■ **TO DO**: The reply should contain the full listing exactly as written and no pictures at all.

■ **DATASET EXCERPT**:
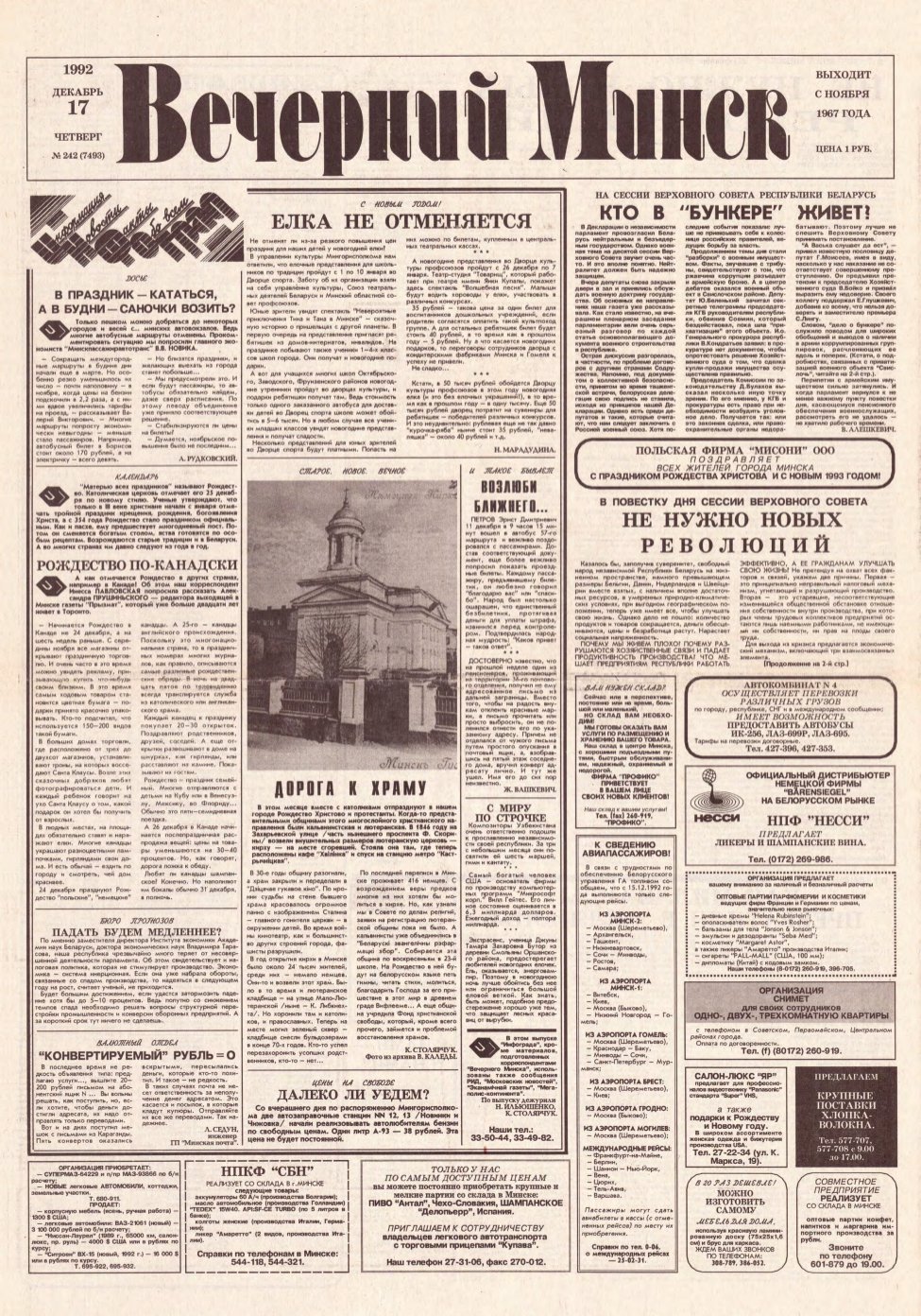 «Вечерний Минск» — выходит з ноября 1967 года. Учредитель: трудовой коллектив редакции газеты «Вечерний Минск». Газета издается на русском и белорусском языках, выходит 5 раз в неделю, кроме субботы и воскресенья — 250 раз в году. Болей »
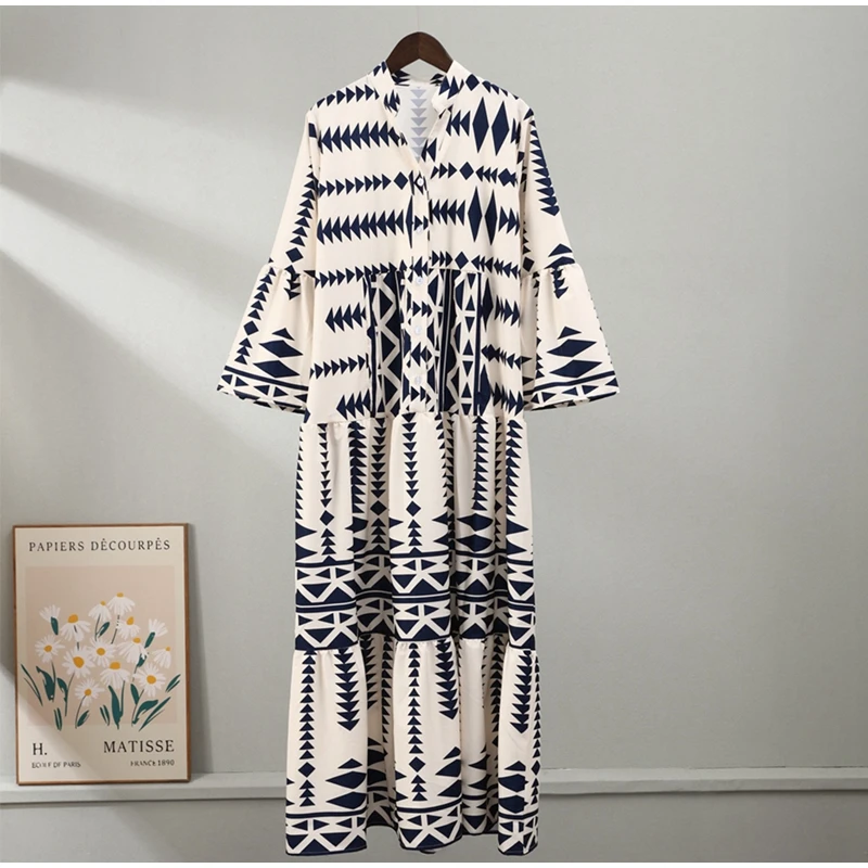 New Women Summer Maxi Dress V Neck Ruched Plus Size Dresses Lady Vintage Geometric Print Bohemian Dresses
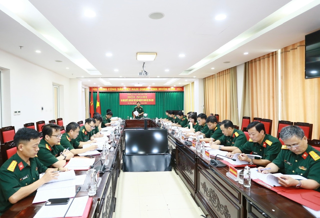 Phát biểu kết luận Hội nghị, Trung tướng Dương Đức Thiện nhấn mạnh: Năm học 2024 - 2025, là thời điểm tiến hành đại hội đảng các cấp tiến tới Đại hội Đảng bộ Quân đội lần thứ XII, Đại hội đại biểu toàn quốc lần thứ XIV của Đảng; nhiệm vụ giáo dục, đào tạo, nghiên cứu khoa học và các mặt công tác khác của Học viện tiếp tục phát triển, đặt ra nhiều yêu cầu mới. Đảng ủy Học viện tập trung quán triệt sâu sắc, triển khai thực hiện nghiêm túc, hiệu quả các nghị quyết, chỉ thị, kết luận, quy chế, quy định, đề án, kế hoạch, hướng dẫn về quân sự, quốc phòng, bảo vệ Tổ quốc. Lãnh đạo, chỉ đạo thực hiện có hiệu quả công tác giáo dục, đào tạo và nghiên cứu khoa học; tích cực đổi mới nội dung, chương trình, hình thức, phương pháp; dạy thực chất, học thực chất, đánh giá thực chất; nâng cao chất lượng giáo dục, đào tạo đáp ứng chuẩn đầu ra, bảo đảm cơ bản, toàn diện, thiết thực, hiệu quả, sát thực tế, nhất là đào tạo đối tượng cán bộ hậu cần, kỹ thuật đáp ứng tốt yêu cầu thực tiễn đặt ra. Giữ vững ổn định chính trị; nâng cao chất lượng xây dựng chính quy, rèn luyện kỷ luật và công tác bảo đảm, phục vụ đáp ứng tốt yêu cầu nhiệm vụ. Tập trung nâng cao năng lực lãnh đạo toàn diện, sức chiến đấu của các cấp ủy, tổ chức đảng; quyết liệt hoàn thành các chỉ tiêu nghị quyết trong năm cuối của nhiệm kỳ; chuẩn bị chu đáo, tổ chức thành công đại hội đảng các cấp tiến tới Đại hội đại biểu Đảng bộ Học viện lần thứ XXIII, Đại hội Đảng bộ Quân đội lần thứ XII, Đại hội Đảng toàn quốc lần thứ XIV. Quyết tâm xây dựng Đảng bộ Học viện trong sạch, vững mạnh tiêu biểu; Học viện vững mạnh toàn diện “Mẫu mực, tiêu biểu”; phấn đấu hoàn thành xuất sắc mọi nhiệm vụ được giao.

■ **EXERCISE OUTPUT**:
 «Вечерний Минск» — выходит з ноября 1967 года. Учредитель: трудовой коллектив редакции газеты «Вечерний Минск». Газета издается на русском и белорусском языках, выходит 5 раз в неделю, кроме субботы и воскресенья — 250 раз в году. Болей »
 New Women Summer Maxi Dress V Neck Ruched Plus Size Dresses Lady Vintage Geometric Print Bohemian Dresses
 Phát biểu kết luận Hội nghị, Trung tướng Dương Đức Thiện nhấn mạnh: Năm học 2024 - 2025, là thời điểm tiến hành đại hội đảng các cấp tiến tới Đại hội Đảng bộ Quân đội lần thứ XII, Đại hội đại biểu toàn quốc lần thứ XIV của Đảng; nhiệm vụ giáo dục, đào tạo, nghiên cứu khoa học và các mặt công tác khác của Học viện tiếp tục phát triển, đặt ra nhiều yêu cầu mới. Đảng ủy Học viện tập trung quán triệt sâu sắc, triển khai thực hiện nghiêm túc, hiệu quả các nghị quyết, chỉ thị, kết luận, quy chế, quy định, đề án, kế hoạch, hướng dẫn về quân sự, quốc phòng, bảo vệ Tổ quốc. Lãnh đạo, chỉ đạo thực hiện có hiệu quả công tác giáo dục, đào tạo và nghiên cứu khoa học; tích cực đổi mới nội dung, chương trình, hình thức, phương pháp; dạy thực chất, học thực chất, đánh giá thực chất; nâng cao chất lượng giáo dục, đào tạo đáp ứng chuẩn đầu ra, bảo đảm cơ bản, toàn diện, thiết thực, hiệu quả, sát thực tế, nhất là đào tạo đối tượng cán bộ hậu cần, kỹ thuật đáp ứng tốt yêu cầu thực tiễn đặt ra. Giữ vững ổn định chính trị; nâng cao chất lượng xây dựng chính quy, rèn luyện kỷ luật và công tác bảo đảm, phục vụ đáp ứng tốt yêu cầu nhiệm vụ. Tập trung nâng cao năng lực lãnh đạo toàn diện, sức chiến đấu của các cấp ủy, tổ chức đảng; quyết liệt hoàn thành các chỉ tiêu nghị quyết trong năm cuối của nhiệm kỳ; chuẩn bị chu đáo, tổ chức thành công đại hội đảng các cấp tiến tới Đại hội đại biểu Đảng bộ Học viện lần thứ XXIII, Đại hội Đảng bộ Quân đội lần thứ XII, Đại hội Đảng toàn quốc lần thứ XIV. Quyết tâm xây dựng Đảng bộ Học viện trong sạch, vững mạnh tiêu biểu; Học viện vững mạnh toàn diện “Mẫu mực, tiêu biểu”; phấn đấu hoàn thành xuất sắc mọi nhiệm vụ được giao.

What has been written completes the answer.